Our model of the GlyR should also reproduce the experimental observations obtained from mutant GlyRs. When the ring of alanine residues lining the selectivity filter is replaced with glutamate residues (A-1′E), the mutant channel becomes predominantly permeable to Na⁺ ions (27). Fig. 3A shows the energy profiles encountered by a Na⁺ ion (broken line) and Cl⁻ ion (solid line) traversing the channel along the central axis. On initial inspection, the single mutant GlyR seems to be impermeable to both anions and cations: a Cl⁻ ion attempting to move from the extracellular to the intracellular space must overcome a barrier of 21 kT to cross the selectivity filter, whereas a Na⁺ ion must overcome a barrier of 10 kT to enter the extracellular vestibule. These barriers are generally insurmountable, but simulations reveal that substantial numbers of Na⁺ ions move across the mutant GlyR, as shown in the current–voltage curve in Fig. 3B. The mutant GlyR is outwardly rectifying and the current at +60 mV is 1.02 pA. In accordance with the simulated results, the experimental data shows this single mutation switches selectivity of the GlyR from anions to cations. The simulated and experimental anion to cation permeability ratios support this finding, with values of 0.17 ± 0.02 and 0.34 ± 0.02 (27), respectively. Because the cationic current is small, the full current–voltage relationship obtained from single channel recordings is not yet available in the literature. The shape of the curve obtained from whole-cell configurations (27, 28), nevertheless, is broadly similar to that shown in Fig. 3B. However, there are experimentally determined single-channel currents at −60 mV and +60 mV of 0.66 ± 0.06 and 0.42 ± 0.03 pA. The corresponding simulated values we obtained are 1.02 ± 0.06 and 0.48 ± 0.03 pA.

Figure 3.

Properties of the single mutant GlyR. A ring of five glutamate residues is inserted at the position indicated in Fig. 1A Inset. (A) The energy profiles seen by a single Cl⁻ ion (solid line) and a single Na⁺ ion (broken line) are illustrated. (B) The current–voltage relationship shows that the channel is outwardly rectifying. (C) Dwell histograms of Na⁺ ions (filled bars) and Cl⁻ ions (open bars) reveal that the external vestibule is occupied by, on average, two anions, whereas the selectivity filter is occupied by one Na⁺ ion.

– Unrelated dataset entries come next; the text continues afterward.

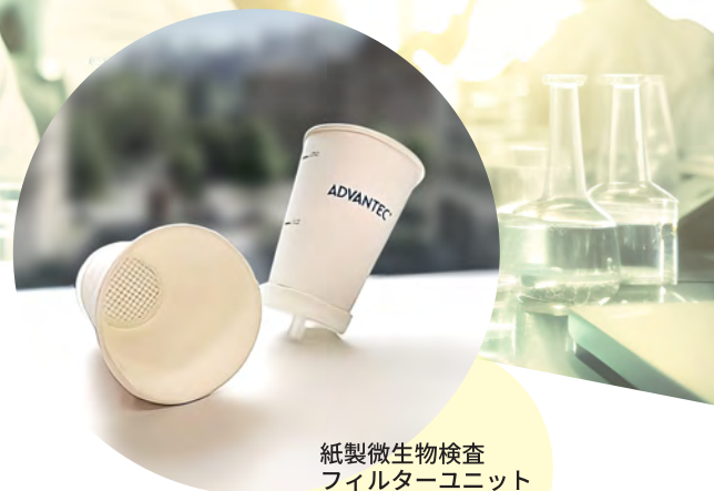
紙製微生物検査 フィルターユニット
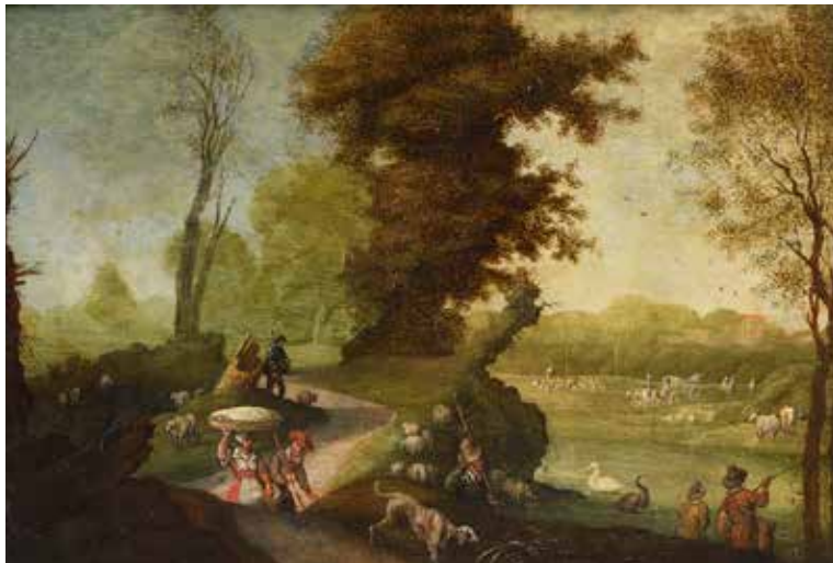
41 - Ecole FLAMANDE du XVII e siècle, entourage d'Isaac van OOSTEN Pêcheurs et chasseurs près d'une rivière Cuivre 13.5 x 19,5 cm
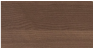
WOOD Burnished and hand-brushed ash Col. Light Olive
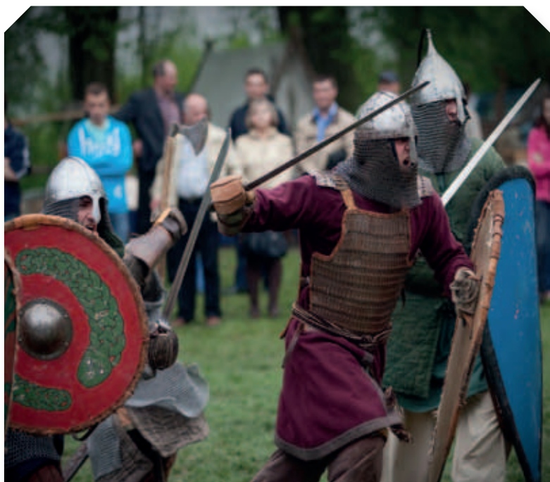
Historyczna Majówka w Zawieprzycach
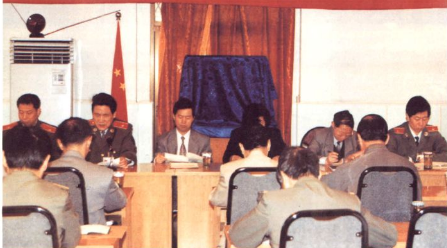
1998年5月17日，常熟市人民检察院召开聘请特约检察员会议。
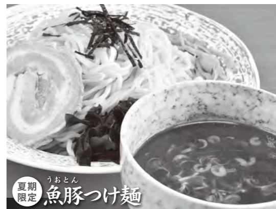
大人気「魚豚らめん」が、つけ麺として登場。カツオ仕込油と自慢のスープに甘酸っぱいタレが重なる。
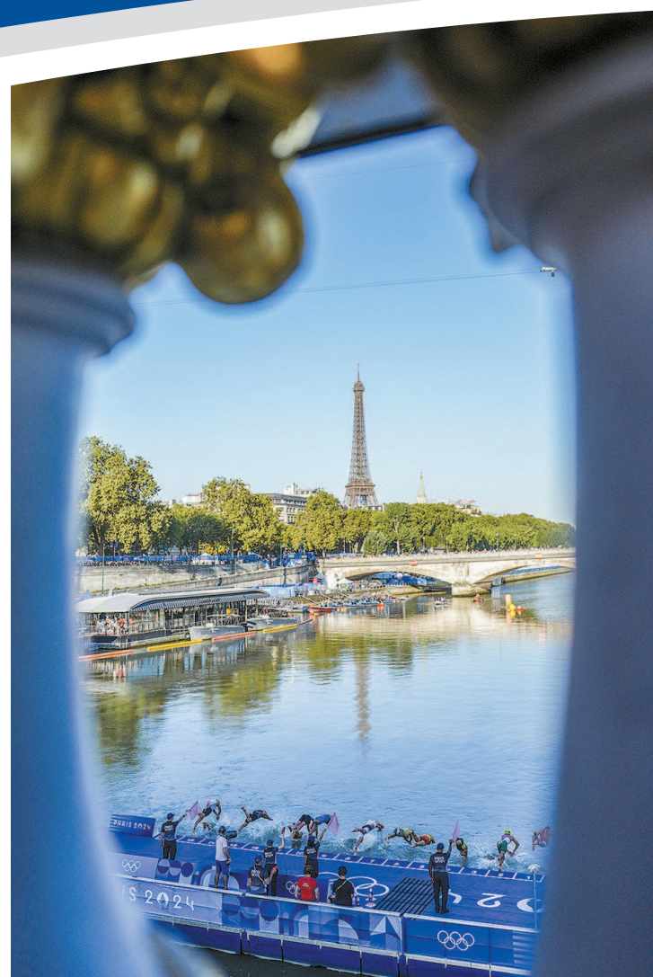
>> 跃入塞纳河 8月5日,铁人三项接力赛中,选手们跃入塞纳河中比赛
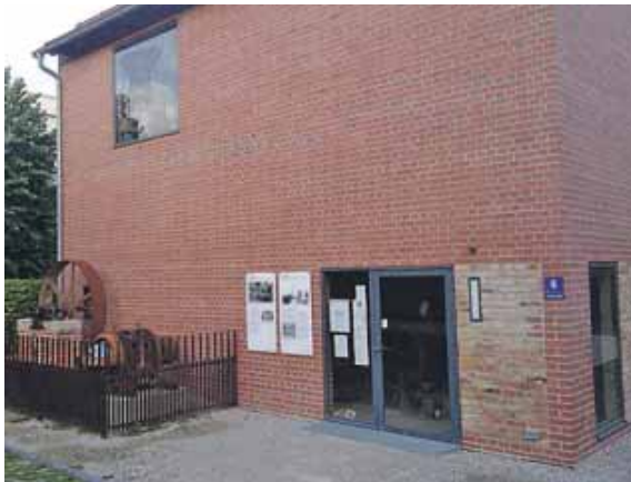
Das Maschinenhaus der Alten Ziegelei Oberföhring kann am Tag des offenen Denkmals besichtigt werden.

OBERFÖHRING (red) · Viele historische Bau- werke und Orte, die sonst nicht ohne weiteres oder nur teilweise für die Öffentlich- keit zugänglich sind, können alljährlich am zweiten Sonn- tag im September besichtigt werden – diesmal ist das der 8. September. Der »Tag des of- fenen Denkmals« macht dies möglich. Er ist das größte Kul- turevent Deutschlands und wird seit über 30 Jahren bun- desweit von der Deutschen Stiftung Denkmalschutz (DSD) koordiniert. Vor Ort sind es unzählige Ver- eine, Initiativen, Denkmalei- gentümer und hauptamtli-
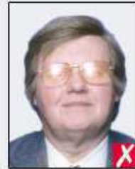
flash reflection on lenses

The reason for the finite conductance is as follows: cations are able to move across the extracellular vestibule of the single mutant GlyR only when they are chaperoned by counterions. The ring of threonine dipoles and the outer ring of the arginine residues allow Cl⁻ ions to penetrate deep into the extracellular vestibule. In the selectivity filter, the ring of glutamate residues is closer to the pore than the arginine ring, overwhelming its effect. This result creates an energy barrier for Cl⁻ ions, excluding them from the selectivity filter. In the extracellular vestibule, a Cl⁻ ion closely accompanying a Na⁺ ion neutralizes the effective charge, thus obliterating the barrier seen by a lone Na⁺ ion. Once a Na⁺ ion reaches the outer segment of the selectivity filter, it falls into a deep energy well created by the glutamate residues, leaving its chaperoning Cl⁻ ion behind. The dwell histograms for Cl⁻ (open bars) and Na⁺ ions (filled bars) shown in Fig. 3C confirm the qualitative account of the dynamic interactions between the permeating cation and a counterion observed from video animations. On average, there are 2.1 Cl⁻ ions in the external vestibule, but none enter the cylindrical selectivity filter. There are also, on average, 2.1 Na⁺ ions in the pore, residing predominantly in the selectivity filter and the internal vestibule. An occasional Na⁺ stumbling into the external vestibule is quickly captured by one of the resident Cl⁻ ions and together they drift inward. When Cl⁻ ions are prevented from entering the vestibule by erecting an arbitrary barrier at the vestibule mouth, conduction across the single mutant GlyR ceases. Wang et al. (37) reported similar anion–cation interactions in mutated γ-aminobutyric acid-gated Cl⁻ channels.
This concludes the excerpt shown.